Measuring sustainability
In her environmental work, one of Maji’s steady collaborators is TPP master’s student and Biogen Fellow Will Atkinson, whose research examines how climate and health data can be used to make policy decisions more equitable, immediate, and cost-effective. (Atkinson has long been something of a data junkie. As a kid, he’d tear open the Providence Journal, locate the sports section, and pore over the Red Sox box scores—each one a statistical summary of the game.) This past year, Atkinson has spent much of his time updating projections of air pollutant emissions so he can compare the efficacy of possible interventions, such as fuel efficiency improvements or the wholesale adoption of electric vehicles.
Since both Maji and Atkinson are working out ways to measure sustainability, they share their results, give each other feedback, and compare notes on the literature.
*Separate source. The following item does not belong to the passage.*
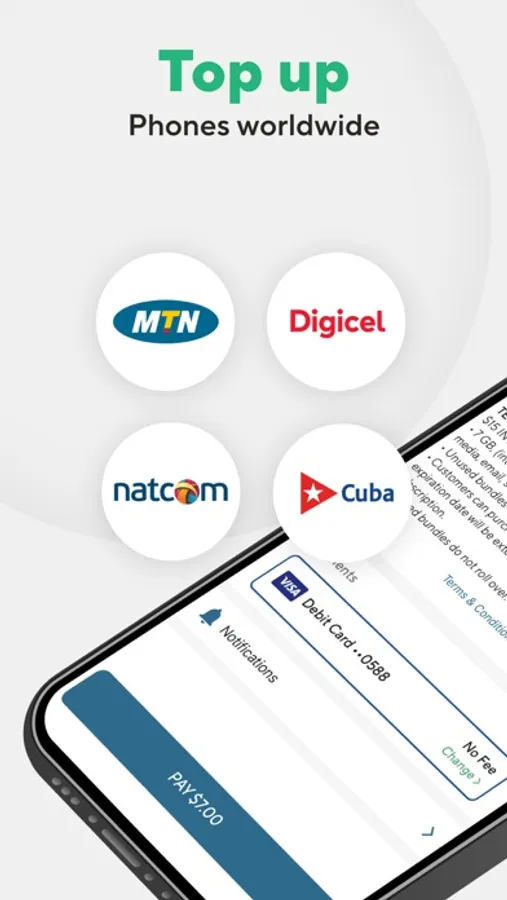 • Easily top up the prepaid mobile phones of your friends and family in more than 90 countries with more than 150 carriers.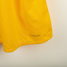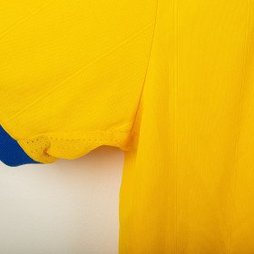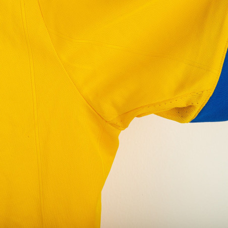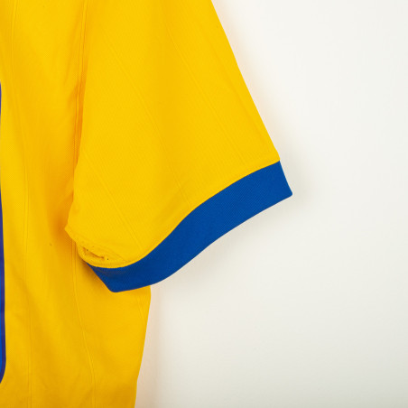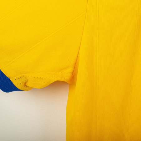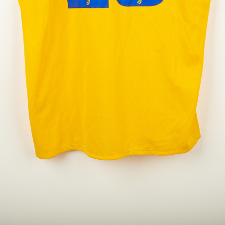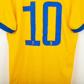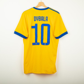 Official Juventus away shirt from the 2017/2018 season, made by Adidas and customized with Dybala 10. Yellow and blue design inspired by Turin’s colors, featuring the embroidered Juventus crest with three stars, Adidas logo, and Jeep sponsor on the front. Includes Scudetto and Coppa Italia patches. Made from ClimaCool breathable fabric for comfort and performance. An iconic shirt from Juventus’ seventh consecutive Serie A title season. Size L.

Together, they hope to move critical research insights into relevant action in the policy world.
Such collaborations are just what Professor Noelle Selin envisioned when she took over as director of TPP in 2018, hoping to grow the program’s footprint and impact. With the Research to Policy Engagement Initiative, she says she wants “to create a community to advance best practices, engage with stakeholders, and learn from one another.” It’s working: Selin, a professor in IDSS and the Department of Earth, Atmospheric and Planetary Sciences, now sees people within and outside MIT connecting across a range of disciplines spanning architecture, engineering, business, computing, and the humanities.
In the long run, she hopes the initiative’s work will help those who make decisions do so based on an understanding of the world that is informed by science and technology. Maji agrees. Her dream is to be a part of scaling up the research insights developed at MIT to inform policy at a regional, national, or even international level. It’s the sort of effort, Maji says, that might just allow enough people to locate one another to find a way out of the smog, together.